In August, that Steen letter, detailing 10 aspects of STRS financial records that appear to show investment expenses shaved so as to alter performance reports and pay $7.8 million in bonuses to STRS staff, went to the Special Investigative Unit in State Auditor Keith Faber’s office. So far there has been no action from the attorney general or the auditor of state.

This morning, Oct.13, the Ohio Retired Teachers Association (ORTA) is trying to keep the STRS pension performance issue alive, with a video presentation from their Columbus headquarters by Siedle and pension expert Chris Tobe, author of the book “Kentucky Fried Pensions.”    

Tomorrow, Thursday, Oct. 14, the Ohio Retirement Study Council, slammed hard in the Siedle Report for failure to perform its legal duty to conduct fiduciary and actuarial audits on the five public pension funds every 10 years, meets to hear the investment performance report from their consultant, RVK Inc. 

Reports claim Ohio pensions are well managed

RVK reports Ohio’s pensions are well managed. It’s the same message Aon Hewitt delivered upon release of its fiduciary audit showing the Ohio Public Employee Retirement System overpays alternative investment managers $223.4 million a year, despite the assistance of alternative investment consultants, Aon Hewitt.

The normal, adversarial, legal combat to determine the truth between two diametrically opposed positions is closed to all those covered by Ohio’s pensions because the state has sovereign immunity. In a new development, the SEC is asking questions about private equity fees with subpoena’s to the Pennsylvania School Employees Retirement System (PSERS) and with testimony to the U.S. Senate Banking Committee, chaired by Ohio’s Sherrod Brown, indicating the funds should expect scrutiny on conflicts of interest and nondisclosure of fees.

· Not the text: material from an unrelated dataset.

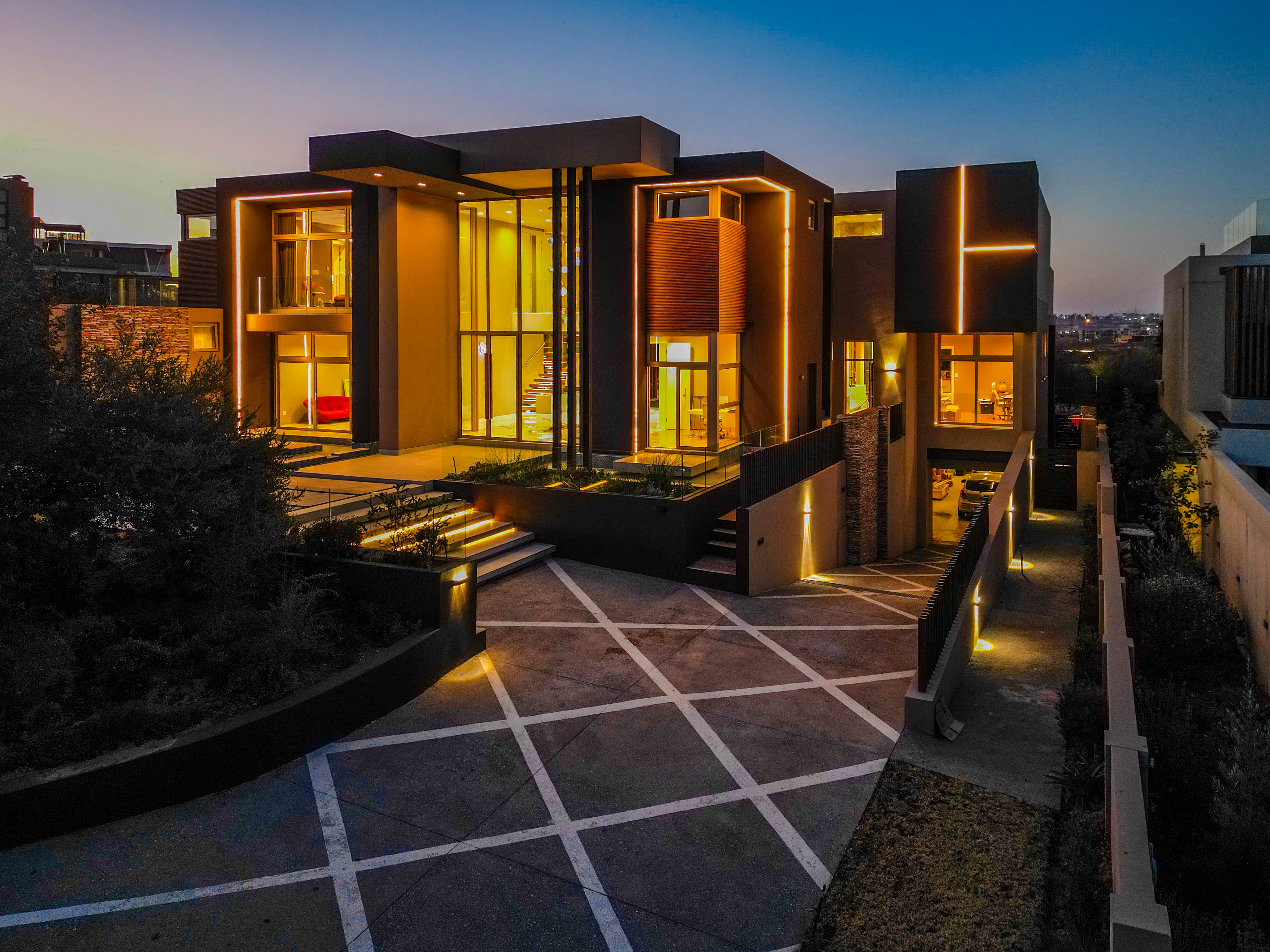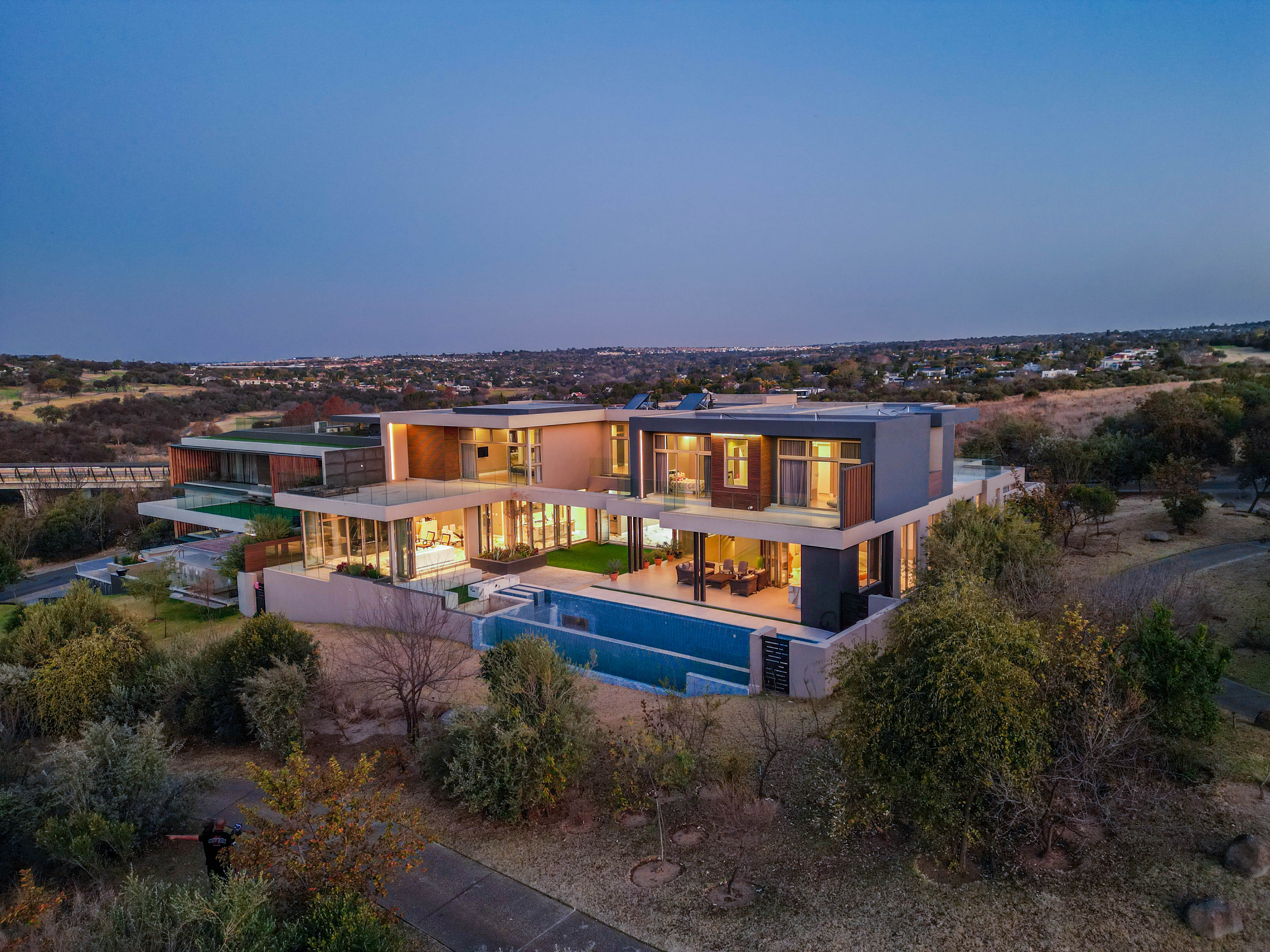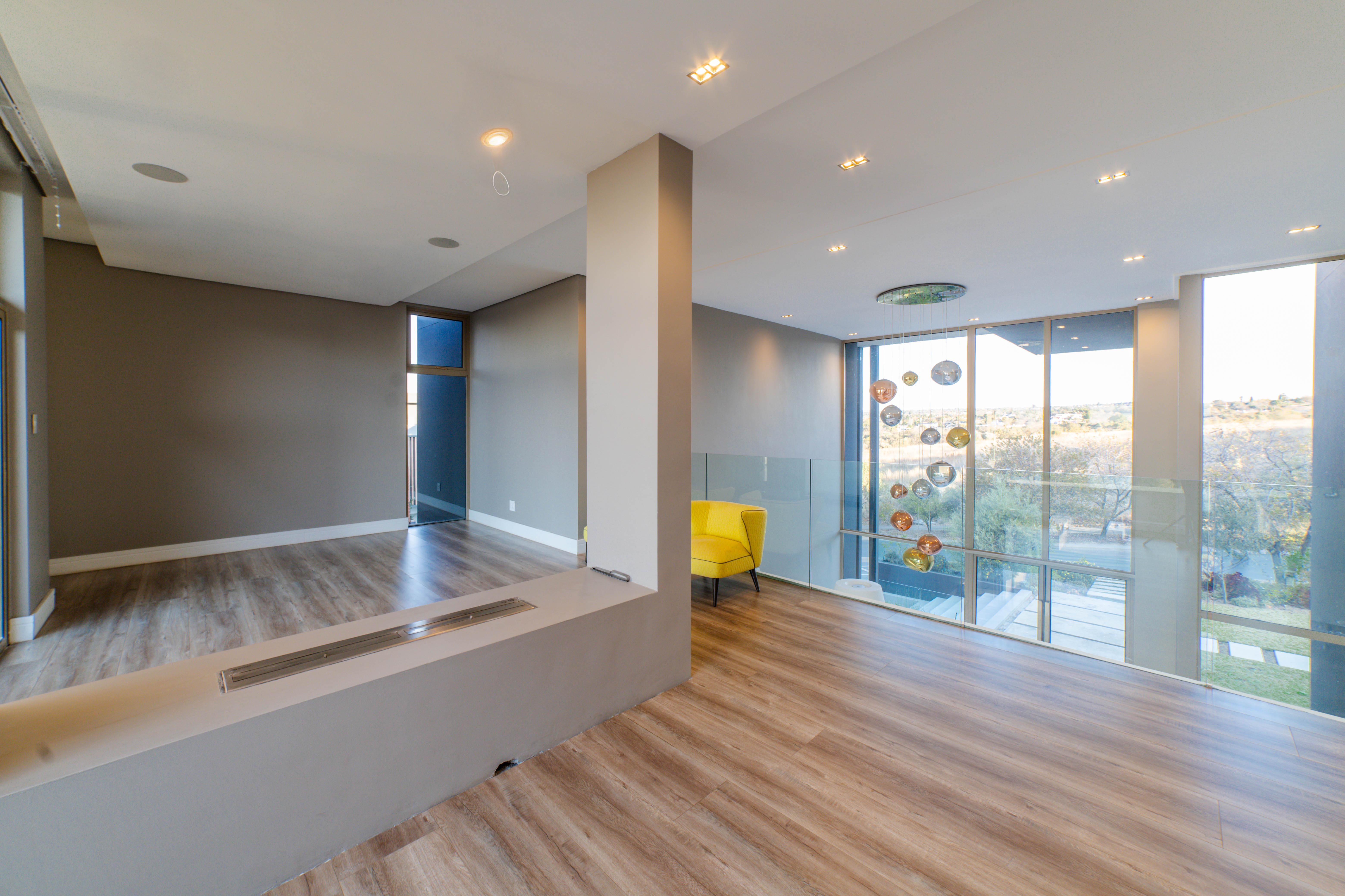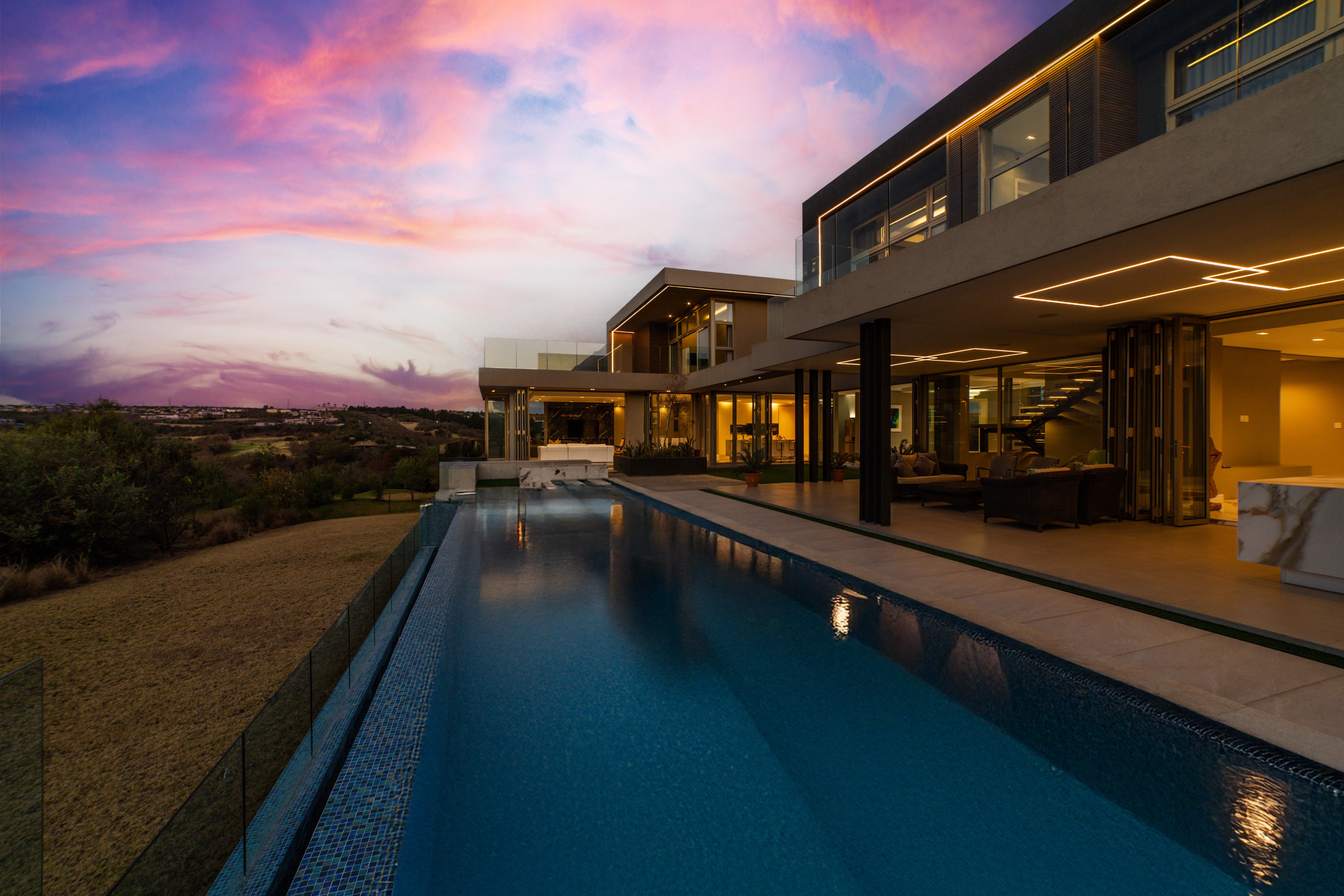 Perched in one of the highest and most sought-after locations in Steyn City, this architecturally striking 6-bedroom, 7-bathroom modern residence offers a rare combination of luxury, comfort, and breath-taking views. Overlooking the prestigious Steyn City Golf Course, the estate, and the exclusive Villa Steyn, this home promises a lifestyle of sophistication and serenity. From the moment you step inside, you're greeted by grand interiors that flow seamlessly through two private lounges, two elegant dining areas, and a state-of-the-art integrated kitchen equipped with both gas and electric stoves—crafted for both the passionate home chef and effortless entertaining. Additional features include Private office for work-from-home convenience, 5kW backup power system to keep you powered through load shedding, Double-glazed glass throughout, ensuring energy efficiency and sound insulation, Central air conditioning for year-round climate comfort, Smart home system for effortless control of lighting, climate, and security The basement level is a masterpiece in itself—offering secure parking for up to 10 vehicles, a fully soundproofed cinema room, and an elegant entertainment bar. For added convenience and accessibility, the home includes a private lift servicing all levels. Upstairs, a pyjama lounge with its own balcony provides a cozy retreat for relaxation, while every bedroom is generously proportioned and en-suite, designed with comfort and privacy in mind. This magnificent home is set on a beautifully landscaped plot, offering both grandeur and functionality in one of the estate’s most exclusive locations. A true must-see for the discerning buyer seeking unmatched luxury in Steyn City.

In his most recent Forbes column, Siedle notes the import of the SEC’s new interest in the relationship between public pensions and private equity funds and concludes all the SEC has to do is follow the leads uncovered by the Ohio teachers. It would also be a good idea to send Senator Brown an email and remind him this is a voting issue.

John Damschroder, a Fremont native who worked in Gov. George Voinovich’s administration, writes about business and economic development in Ohio.